American feminism has always had a puritanical strain, an imposed blindness to erotic truth. There is a hard, pragmatic aspect to this. It is impolitic to admit that sexual pleasure comes in all shapes and sizes, that women, like men, are often aroused by what seems silly at best and perverse at worst. And because sexual excitement always partakes of the culture itself, finds its images and triggers from the boundaries delineated in a given society, the whole subject is a messy business.
Several years ago I read an article in The New York Times about a Chinese version of the Kinsey Report, the results of which suggested that Chinese women as a group experienced no sexual pleasure. This struck me as insane, but as I began to ponder the idea, it took on a kind of sense. 1 visited China in 1986 to find a place still reeling from the Cultural Revolution, a place in which prerevolutionary forms appeared to have been utterly forgotten. Maybe there can’t be much erotic life, other than the barest minimum, without an encouraging culture — without movies and books, without ideas about what it’s supposed to be. When I was fifteen, I remember watching Carnal Knowledge at the Grand movie theater in Northfield, Minnesota, my hometown. Jack Nicholson and Ann-Margret were locked in a mystifying upright embrace and were crashing around the room with their clothes on, or most of them on, banging into walls and making a lot of noise, and I had absolutely no idea what they were doing. It had never occurred to me in my virginal state that people made love like that. A friend had to tell me what I was seeing. Most teenagers today are more sophisticated, but only because they’ve had more exposure. I was thirteen before I stumbled over the word rape—in Gone with the Wind. I walked downstairs and asked my mother what it meant. She looked at me and said, “I was afraid of that.” Then she told me. But even after I knew, I didn’t really understand it, and I couldn’t imagine it.
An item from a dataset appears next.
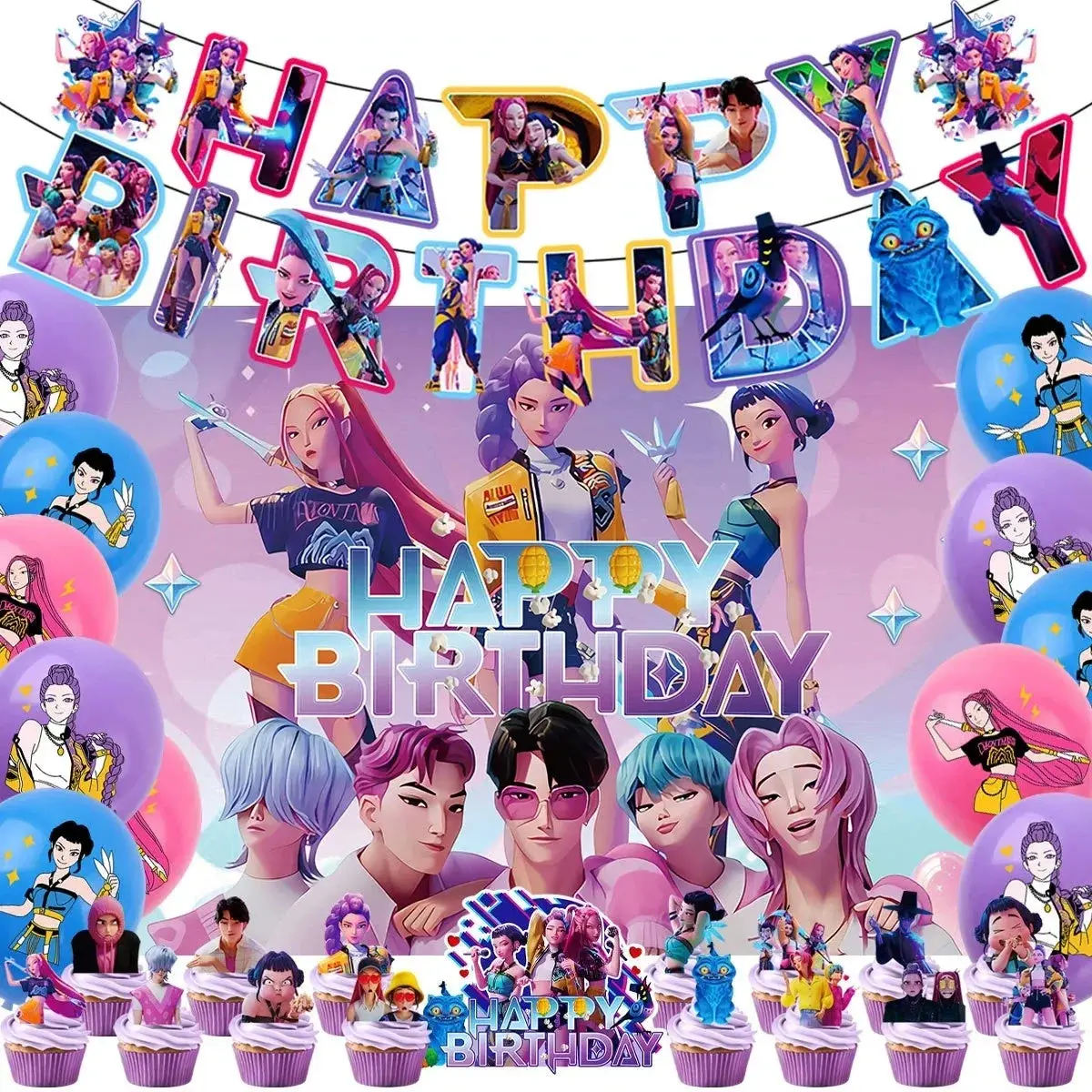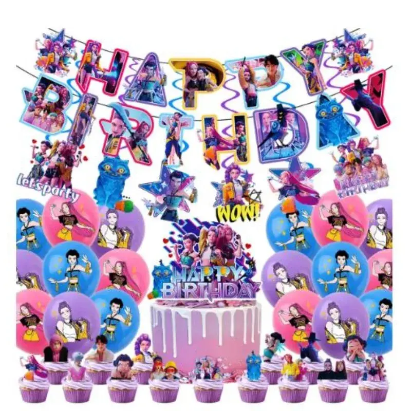 New KPo Witch Hunt Theme Birthday Party Banner Balloon, Rumi Mira Zoey Birthday Balloon, Cake Background Party Decoration Toy

My point is this: A part of me has real sympathy for the Chinese couple, both university professors, who married, went to bed with each other faithfully every night, and, after a year, visited a doctor, wondering why no child had come from their union. They thought sleeping beside each other was enough. Nobody told them that more elaborate activity was necessary. Surely this is a case of an erotic culture gone with the wind. (In China among the class that could afford to cultivate it, the female body had become a refined aesthetic object. In Xi’an I saw a very old woman with bound feet. She could no longer walk and had to be carried. Those tiny, crippled feet were the gruesome legacy of a lost art. Binding feet made them small enough to fit into a man’s mouth.) The famous parental lecture on the birds and the bees, the butt of endless jokes and deemed largely unnecessary in our world, never took place in the lives of the two puzzled professors. Butwhere were their bodies? We imagine that proximity would be enough, that natural forces would lead the conjugal couple to sexual happiness. But my feeling is that it isn’t true, that all of us need a story outside ourselves, a form through which we imagine ourselves as players in the game.
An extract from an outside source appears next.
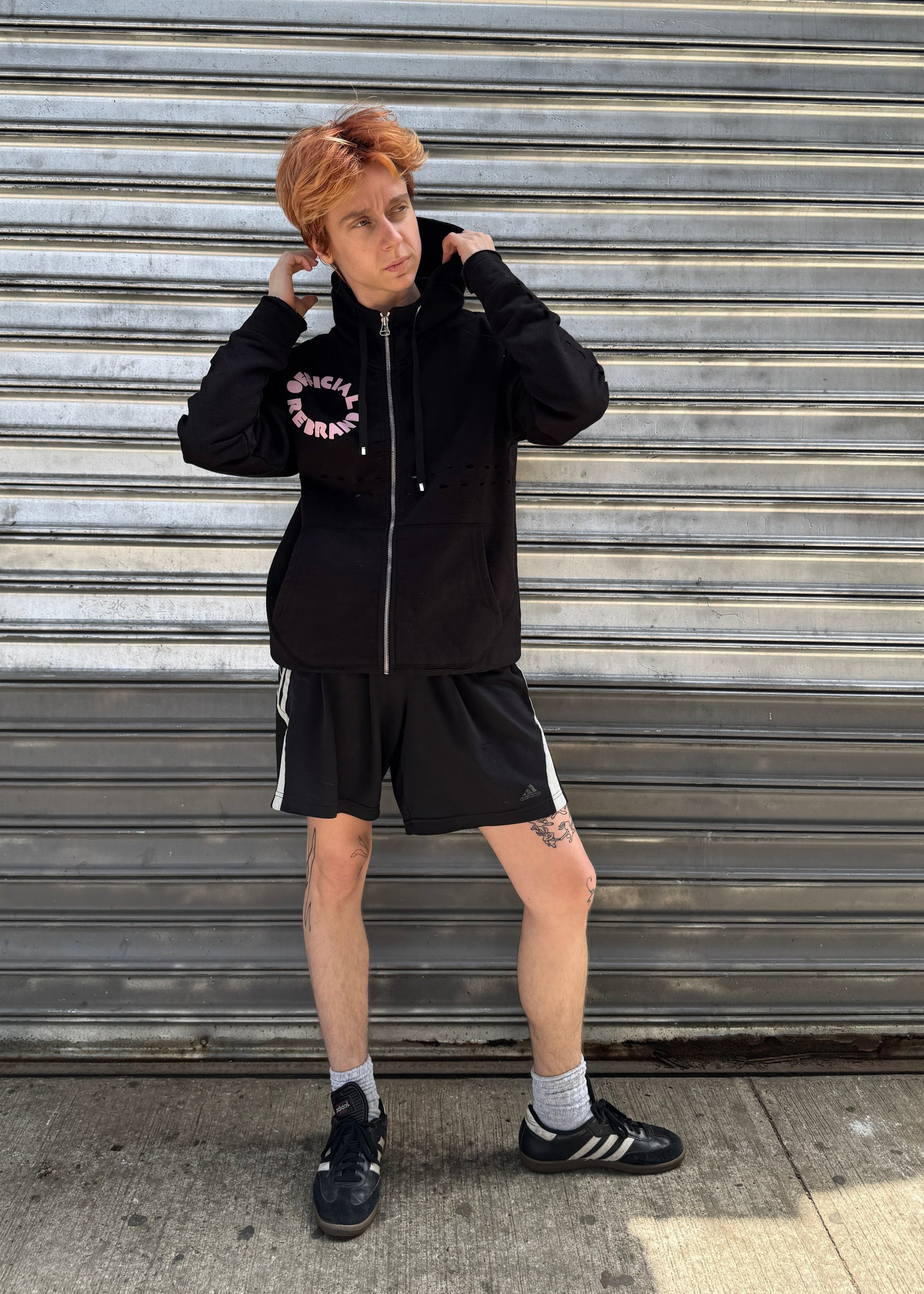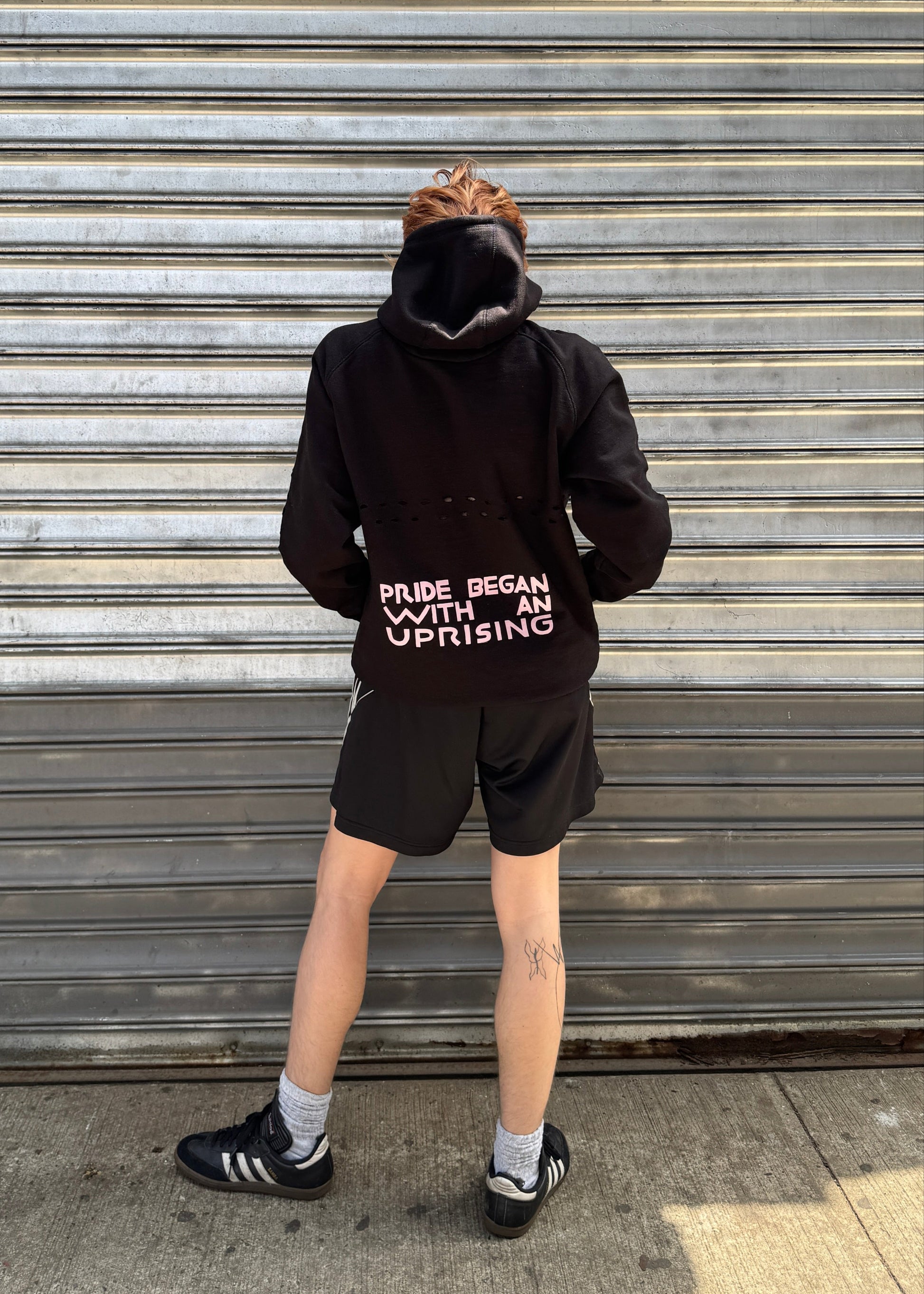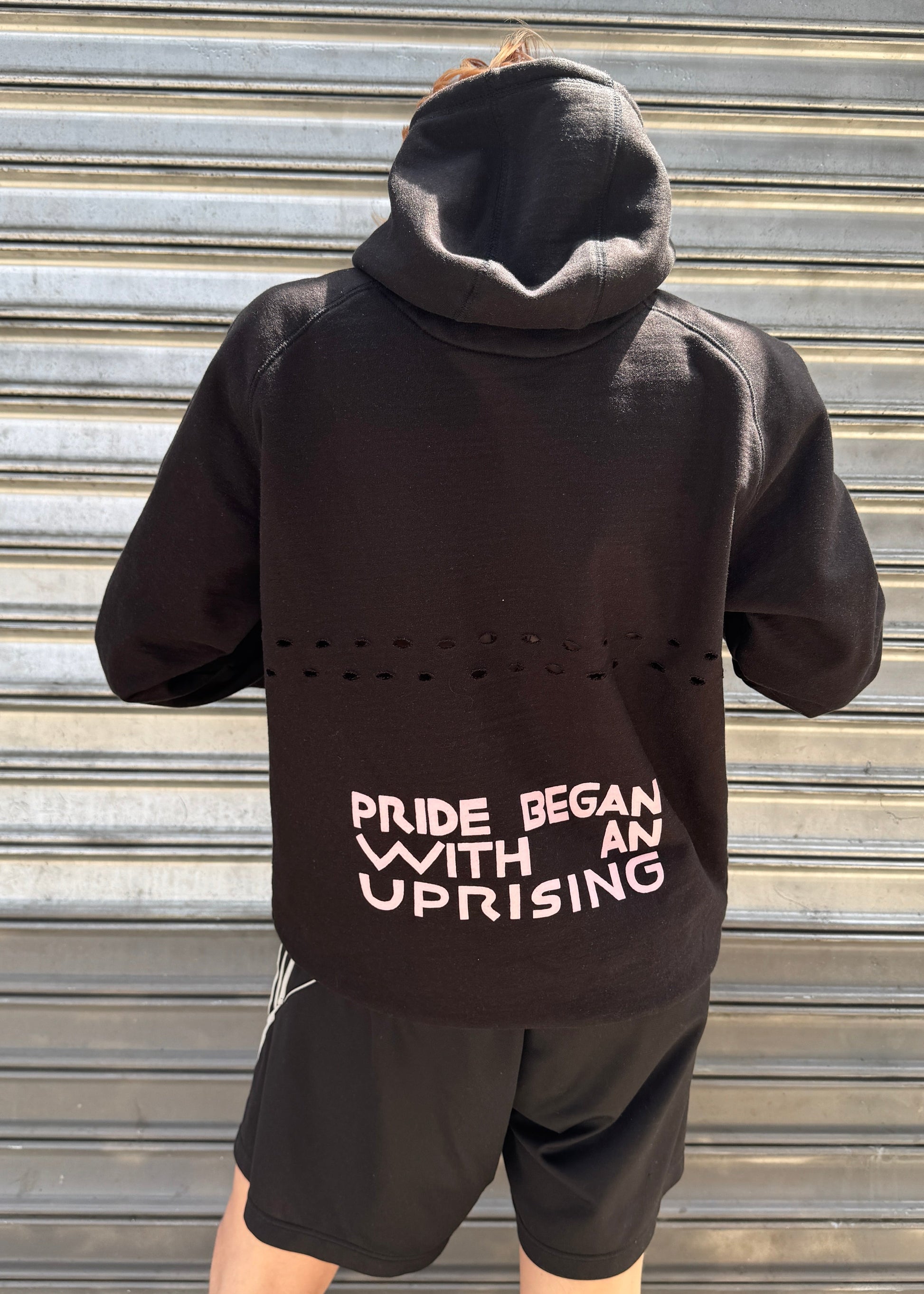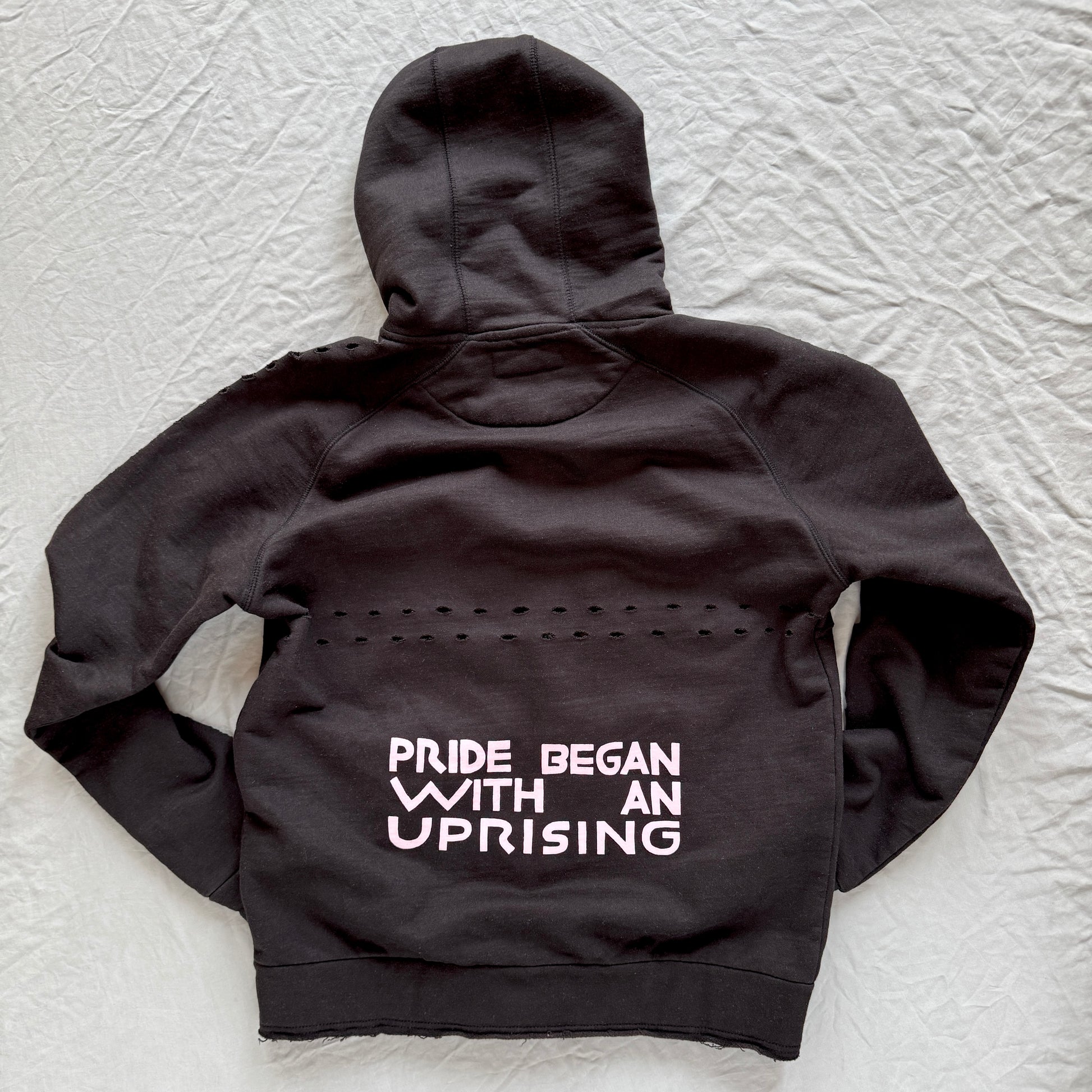 Celebrate the radical origins of Pride! Light pink print on repurposed dead stock hoodies from luxury men's sportswear brand. This heavyweight zip-up sweatshirt with sturdy silver double zipper was revitalized for a second life to conserve the Earth's increasingly limited resources.

Consider standard erotic images. Garter belts and stockings still have a hold on the paraphernalia of arousal — even though, except for the purpose of titillation, they have mostly vanished from women’s wardrobes. Would these garments be sexy if you’d never seen them before? Would they mean anything? But we can’t escape the erotic vocabulary of our culture any more than we can escape language itself. There’s the rub. Although feminist discourse in America understandably wants to subvert cultural forms that aren’t “good” for women, it has never taken on the problem of arousal with much courage. When a culture oppresses women, and all do to one degree or another, it isn’t convenient to acknowledge that there are women who like submission in bed or who have fantasies about rape. Masochistic fantasies damage the case for equality, and even when they are seen as the result of a “sick society,” the peculiarity of our sexual actions or fantasies is not easily untangled or explained away. The ground from which they spring is simply too muddy. Acts can be controlled, but not desire. Sexual feeling pops up, in spite of our politics.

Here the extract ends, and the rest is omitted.